The Alchemists of Loom (Loom Saga #1)

“A Dragon earning my trust?” she scoffed, back to the Ari he knew. “That could take years.”

“Good thing I’m a Dragon. Years are something I have.” Cvareh chuckled and grinned. “If I have to, I’ll stop time.”

That almost earned him a smile, and he’d take almost. Cvareh was nearly out of the room, his mission accomplished for now, when something else struck him. He stopped and turned to find Arianna looking up at him in confusion. He would capitalize on whatever good mood he’d earned.

“One more thing. Whatever you think about me… don’t believe me, think I’m a total liar, take no heed of my truth.” The thought stung him a bit—the idea that after all they’d been through she could still not trust him. “But if you listen, not just hear, but listen to one thing I say, let it be this: patch things up with Florence. You will regret it, Ari, if you let her vanish because of your own stubbornness.”





41. Arianna


The bed was cold and the room, though nicely sized, felt a million veca wide. There was no rumbling of Cvareh’s deep breaths while he slept. Florence’s heat wasn’t warming her sheets. Arianna was left alone—as she had been for a week now—with her thoughts.

She had almost worked up the resolve to leave the Alchemists’ Guild without Florence, when Cvareh had visited her that afternoon. He’d come bearing himself to her in ways she hadn’t expected, and didn’t want to believe were true.

Because believing would mean trusting a Dragon again.

And then there were all the claims Florence had made against her. Arianna stared listlessly at the ceiling. The girl had seen vision in her, when there had only ever been vengeance. Both drove, both were pursued with all the passion of the soul.

But a soul driven by vengeance was a selfish soul. A soul driven by vision was a generous one—one that bore itself before others and put the needs of the many before the needs of the few.

There was a time that she had actually possessed those traits. A time when they weren’t just vacant, labeled pegs on the walls of her personality. She had written them off when the rebellion died. Eva, Master Oliver, and the Arianna they had known died alongside them.

She was nothing now, and that had enabled her to be an extension of her benefactors’ will as the White Wraith. What Florence had seen in her was nothing more than a mirror of the potential that lived in the girl herself. Potential Ari eagerly reflected and wanted to grow—as if its vines and roots could curl around the fragments of her heart and pull them back together.

Arianna sat up, rubbing her eyes tiredly. Even Sophie’s words about Eva had stuck with her. What would Eva think if they met now? Was Arianna still someone she’d want to love?

Chasing ghosts down empty halls, she stood, padding on silent feet through the Master’s passages of the Alchemists’ Guild. Eva was dead. Whatever she would or wouldn’t love no longer mattered. Now, Arianna had to live for the living—for herself.

Arianna turned the knob of Cvareh’s door, letting herself quietly into his room.

Even amid her virtual silence, the Dragon woke. Talons jutted from his hands, ready to ward off a shadowed attacker. She leaned against the door, waiting for him to calm himself, to realize who was there. It only took a moment.

“What are you doing here?” he whispered.

She could hear his quickening heartbeat, feel his magic responding to hers. Arianna crossed over to his bed with purpose. He sat straighter as she made herself at home without his permission, drawing up her legs to sit atop his sheets.

His words about her played relentlessly in harmony with everything else she’d been coming to terms with. Arianna had heard them clearly, but they were so difficult for her to process. This Dragon and she had embarked on an odd journey with each other. It was a winding path that had taken them across Loom, and what she thought was to be their final destination had turned out to be a resting point before the next, greater trek.

“I want proof,” she announced.

“Proof of what?” Cvareh asked skeptically.

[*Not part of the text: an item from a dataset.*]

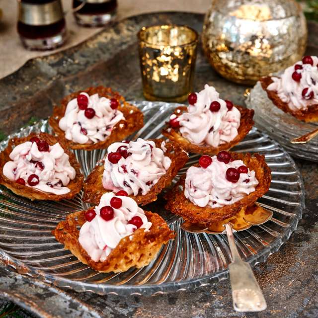 Lägg kakorna över små glas eller runda mandelmusselformar så fort du kan flytta dem från plåten med t ex en stekspade.

“Proof that your sister is who she says she is. That if I help this resistance—and her—get their footing, I will not just be replacing one tyrant with another.”

The fact was that Loom was headed toward another war no matter what she did. If it was in one year, or twenty, eventually the rebels here would grow enough, become reckless enough, that they would attack. Loom wasn’t meant to sustain itself as it was. That Ari believed above all else. Tensions would be omnipresent until things with the Dragons were settled in a far better manner than their current arrangement.

“Whatever proof you want, I’ll get,” Cvareh said hastily.

“I don’t want it from you.”

“What then?”

“I want it from her.”

“Her?” It took him a second to put it together. “Petra? My sister will never come to Loom. She can’t. There are too many eyes on her.”